Mr Kearney: No, that examination — I think that is the term — is to be commissioned, because there will be implications. We discussed yesterday on a separate issue in the Assembly that, for example, EU funding and the Peace Plus programme need to be addressed in the context of the North/South Ministerial Council (NSMC), but specifically in relation to the Special EU Programmes Body (SEUPB). We have said that, when the British Government address that issue in the negotiations going forward, specifically on Peace Plus, there is need for a trilateral engagement between the British Government negotiators, the Irish Government and our officials in the Executive Office to ensure that our requirements under Peace Plus are properly provided for.

The Chairperson (Mr McGrath): We are having a small connection failure at the front. Can I just check: are the people who are on StarLeaf and are videoconferencing still hearing and seeing everything?

Some Members: Yes.

The Chairperson (Mr McGrath): That is grand. That is fine.

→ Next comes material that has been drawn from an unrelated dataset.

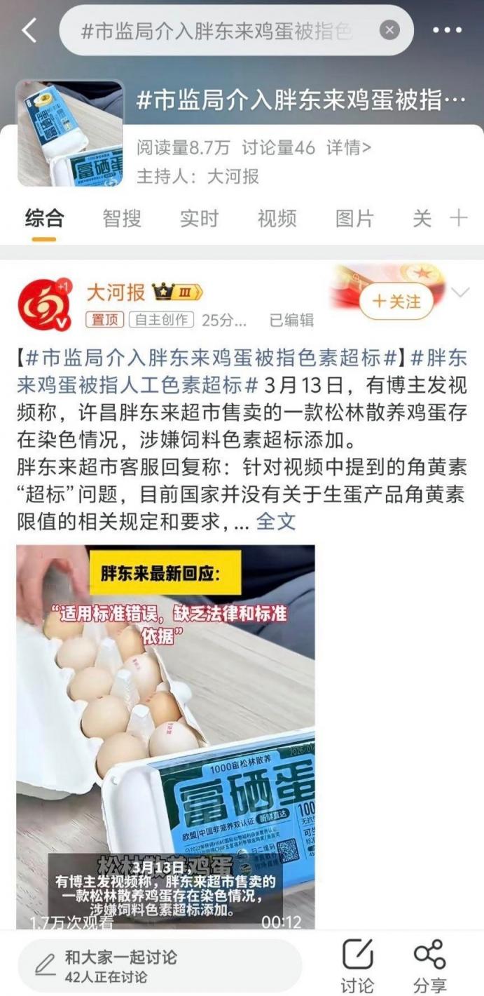 果不其然,胖东来分配资产的消息发布不久,就传出“胖东来鸡蛋色素超标”的新闻。
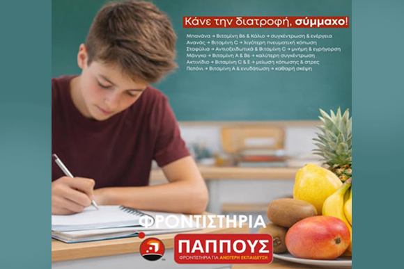 Στα Φροντιστήρια ΠΑΠΠΟΥΣ πιστεύουμε ότι ο μαθητής χρειάζεται καθαρό μυαλό, ενέργεια και αντοχή,

I will finish with three easy questions and a difficult question. You mentioned that the British Government have said that they will not seek an extension, and the EU has said that it is open to an extension. What is your assessment of the deadline? When is the last chance saloon to actually ask for that extension? How have the Northern Ireland Executive been articulating, suggesting, requesting or asking for an extension, or is the official position that you do not ask for it? How is that processed or progressed at any of the meetings that you attend or any of the discussions that you have with UK officials? Are you saying that this is something that you would like, are you saying that it is something that you would not like, or are you saying that it is something that you cannot agree on? How is that put forward?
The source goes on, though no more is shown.